(Assignment) Directions for the data below: repeat exactly the lines from the one with "有的鸟屎很稀,落在车窗上,一路往下流,满满的全是印记,看着一片狼藉。" through the one with "alte Ansichtskarte, gelaufen", both included, and omit all pictures.

(Information)
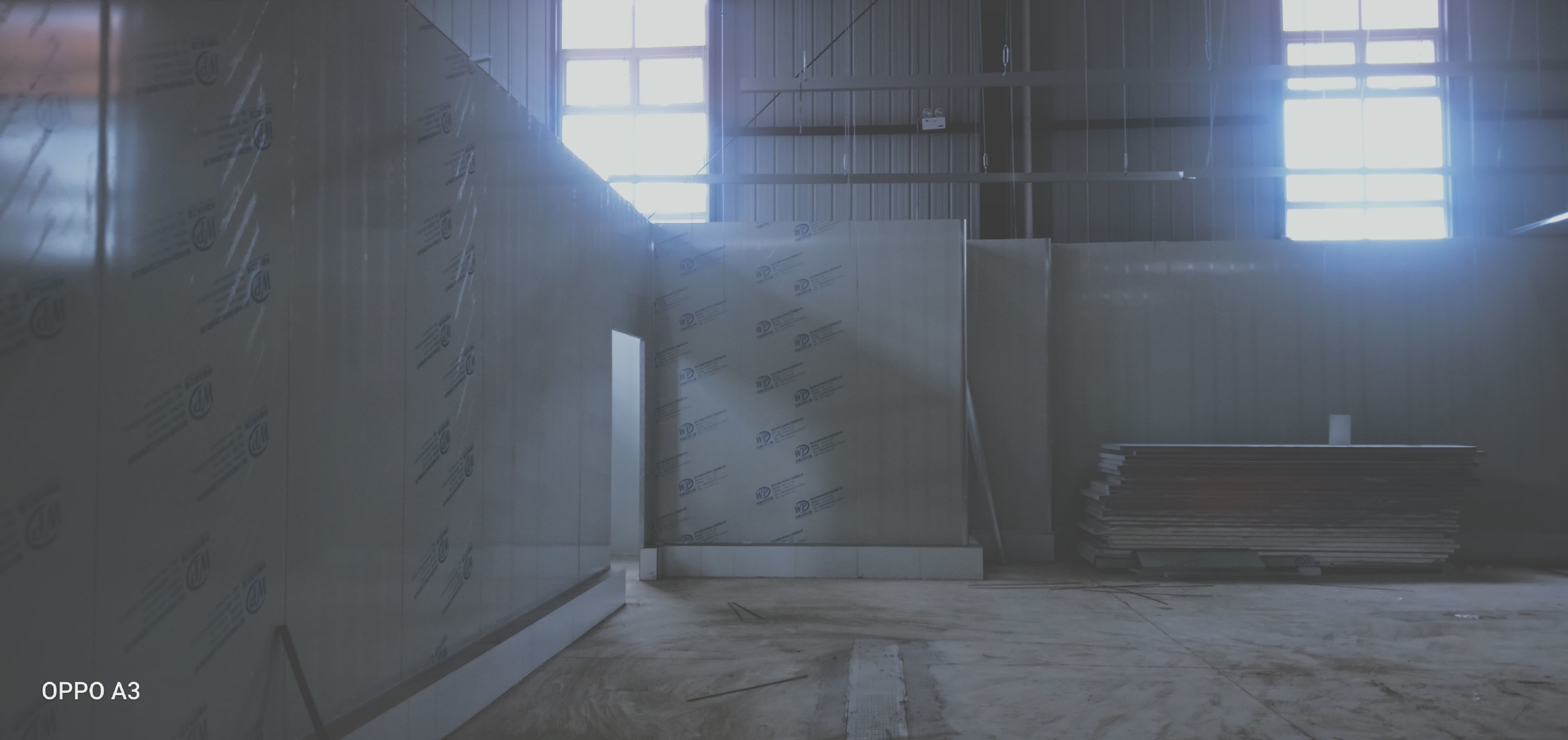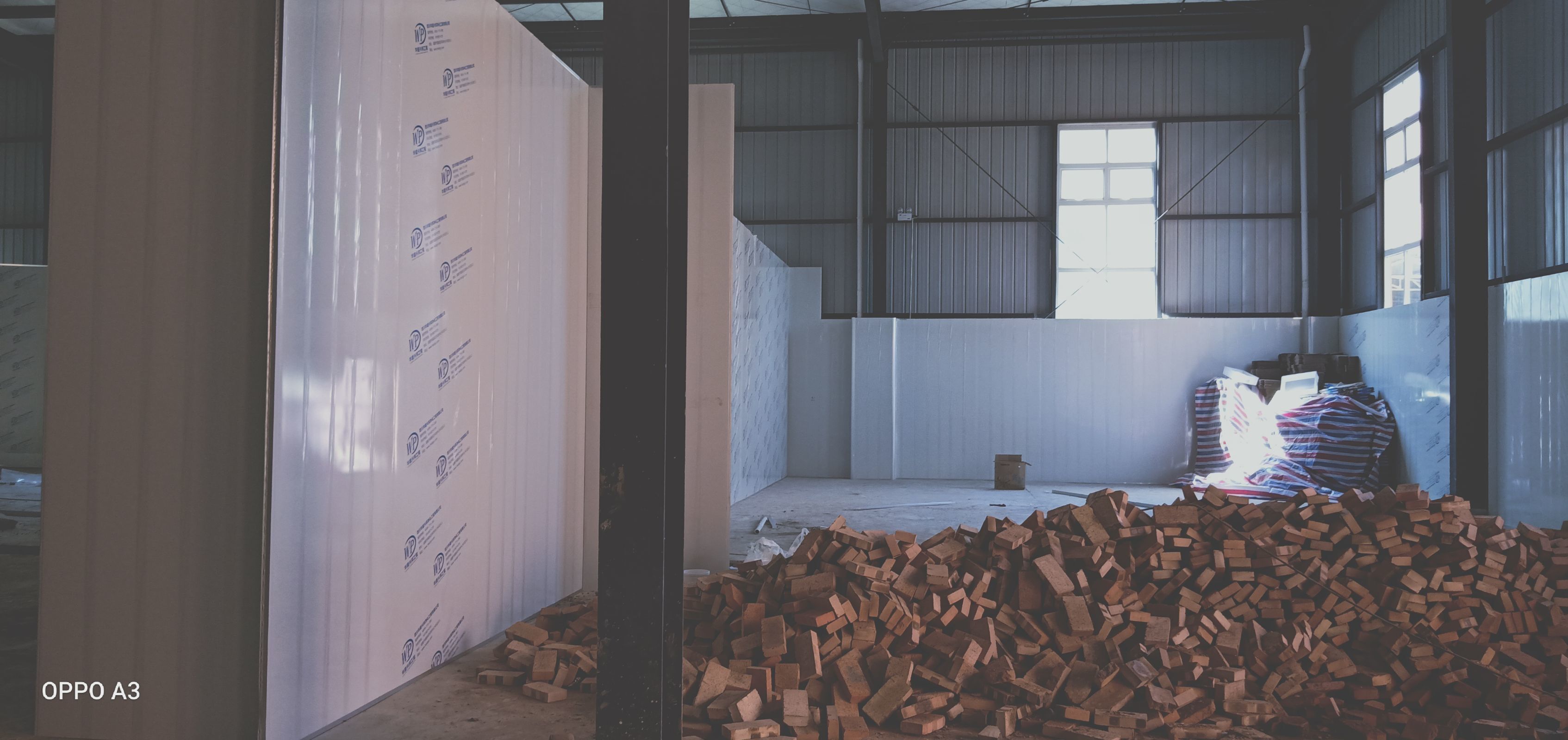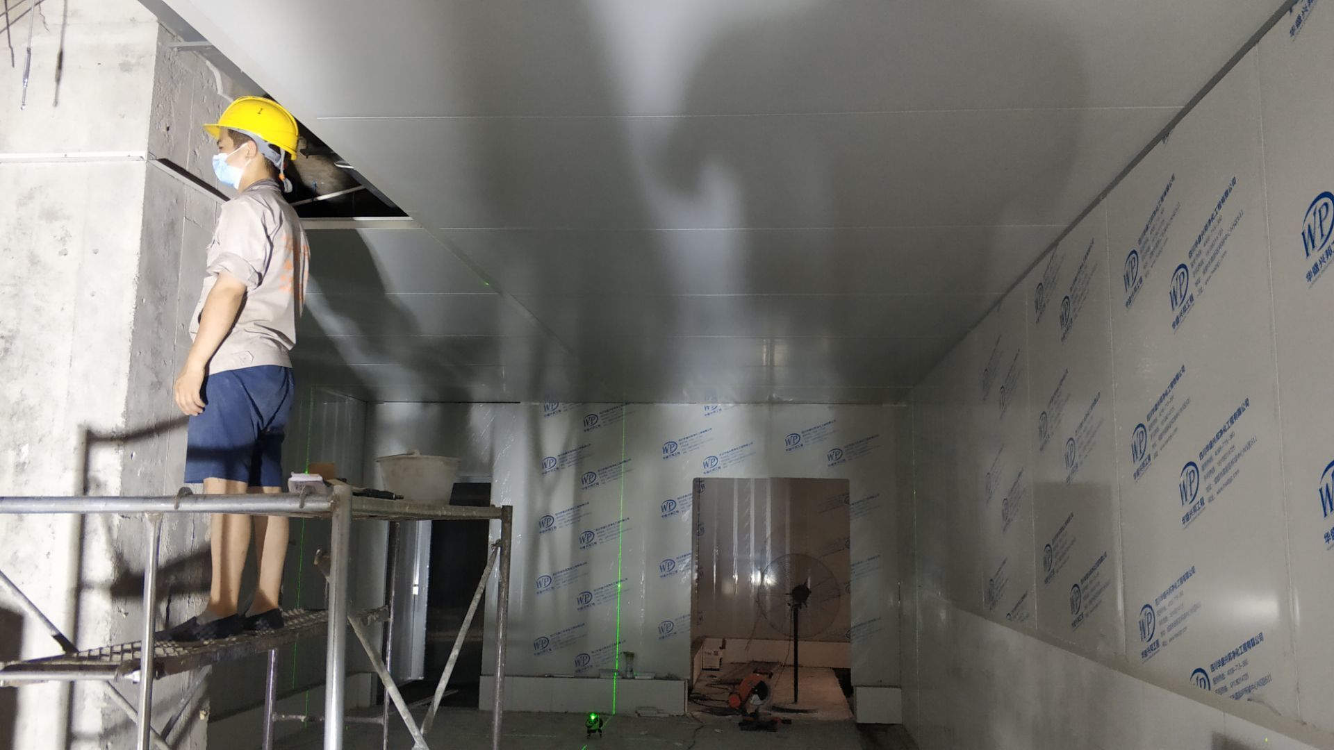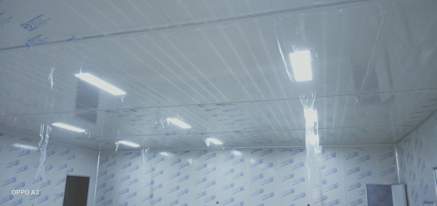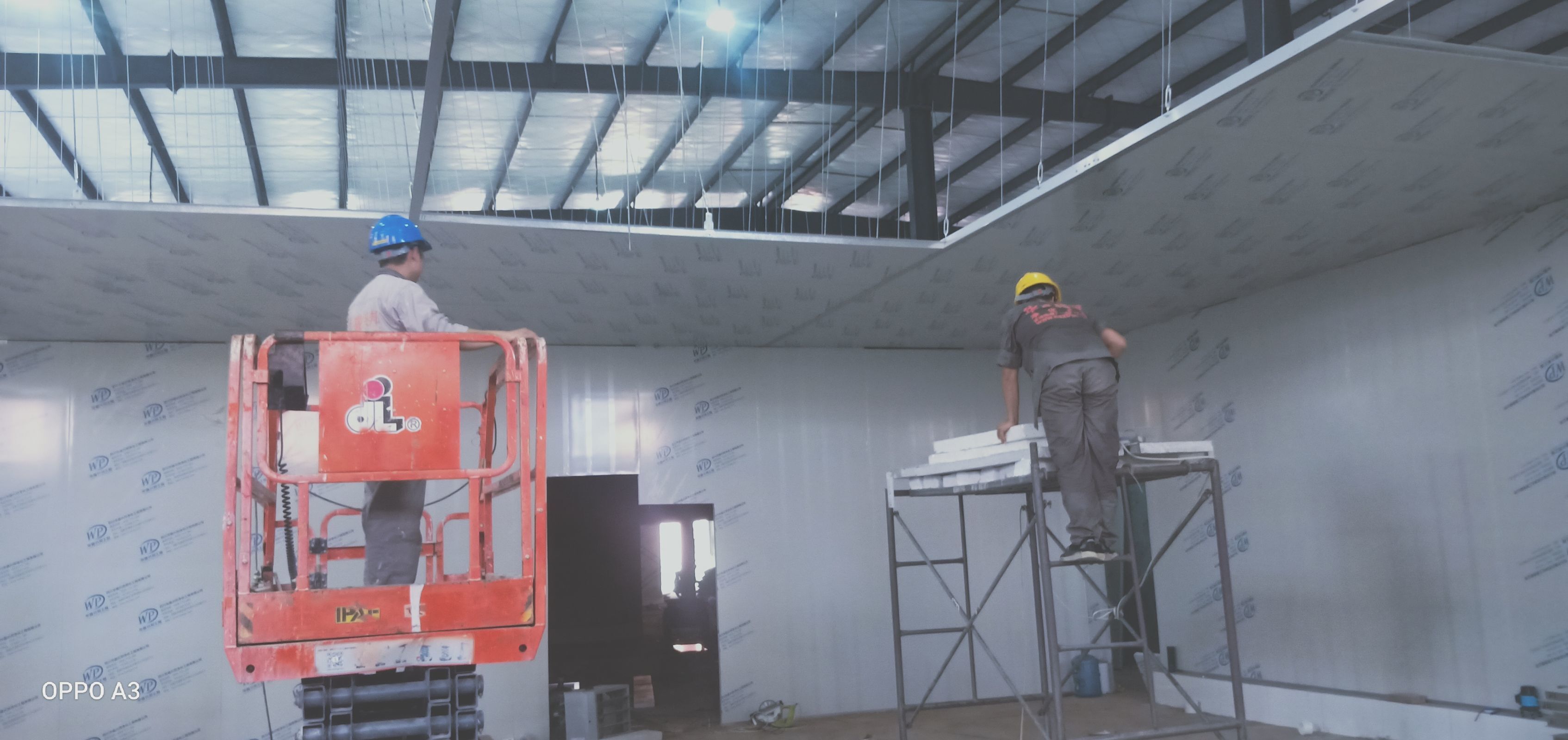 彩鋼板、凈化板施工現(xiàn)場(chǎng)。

* * *

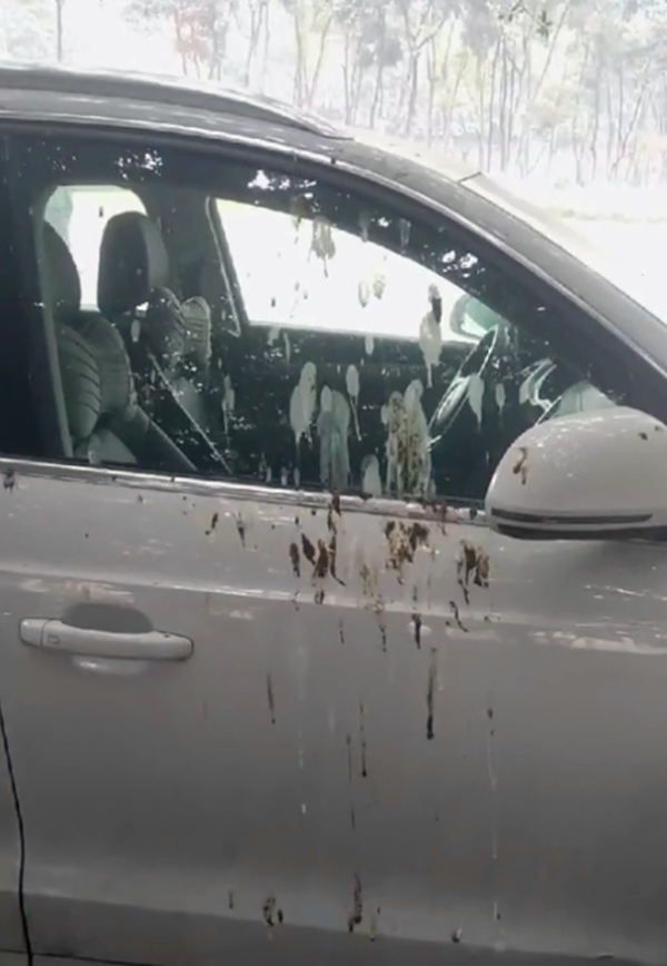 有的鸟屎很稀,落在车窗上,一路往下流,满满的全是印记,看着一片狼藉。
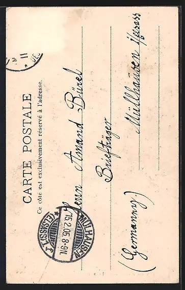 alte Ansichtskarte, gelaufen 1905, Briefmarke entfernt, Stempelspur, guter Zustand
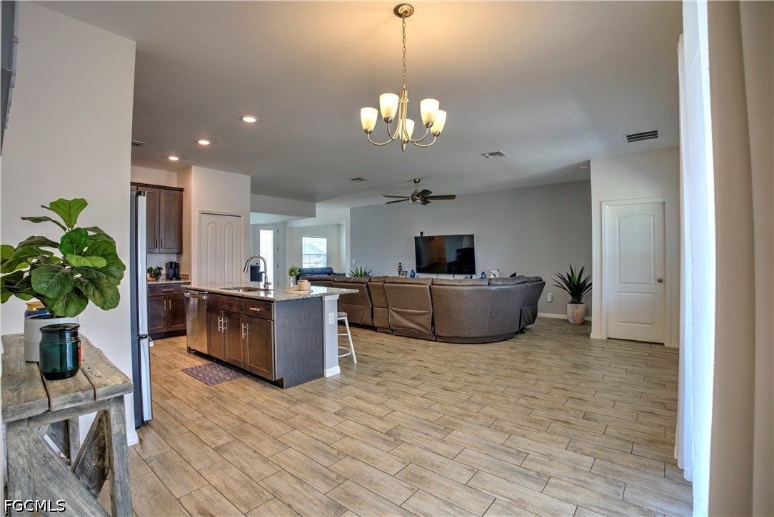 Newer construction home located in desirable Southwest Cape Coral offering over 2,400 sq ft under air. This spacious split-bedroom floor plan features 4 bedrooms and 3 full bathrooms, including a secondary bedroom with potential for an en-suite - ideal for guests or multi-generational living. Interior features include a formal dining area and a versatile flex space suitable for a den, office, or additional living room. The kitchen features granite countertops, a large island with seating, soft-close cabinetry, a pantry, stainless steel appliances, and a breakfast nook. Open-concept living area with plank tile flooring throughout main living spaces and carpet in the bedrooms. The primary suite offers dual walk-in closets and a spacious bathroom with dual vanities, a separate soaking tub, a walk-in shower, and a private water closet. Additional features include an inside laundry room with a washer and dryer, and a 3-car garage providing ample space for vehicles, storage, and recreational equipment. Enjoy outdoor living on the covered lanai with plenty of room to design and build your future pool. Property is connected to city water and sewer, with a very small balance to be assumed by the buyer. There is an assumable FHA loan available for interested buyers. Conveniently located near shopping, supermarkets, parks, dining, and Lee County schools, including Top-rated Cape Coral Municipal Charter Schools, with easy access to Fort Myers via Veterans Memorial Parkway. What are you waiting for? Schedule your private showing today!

(Exercise response)
 有的鸟屎很稀,落在车窗上,一路往下流,满满的全是印记,看着一片狼藉。
 alte Ansichtskarte, gelaufen 1905, Briefmarke entfernt, Stempelspur, guter Zustand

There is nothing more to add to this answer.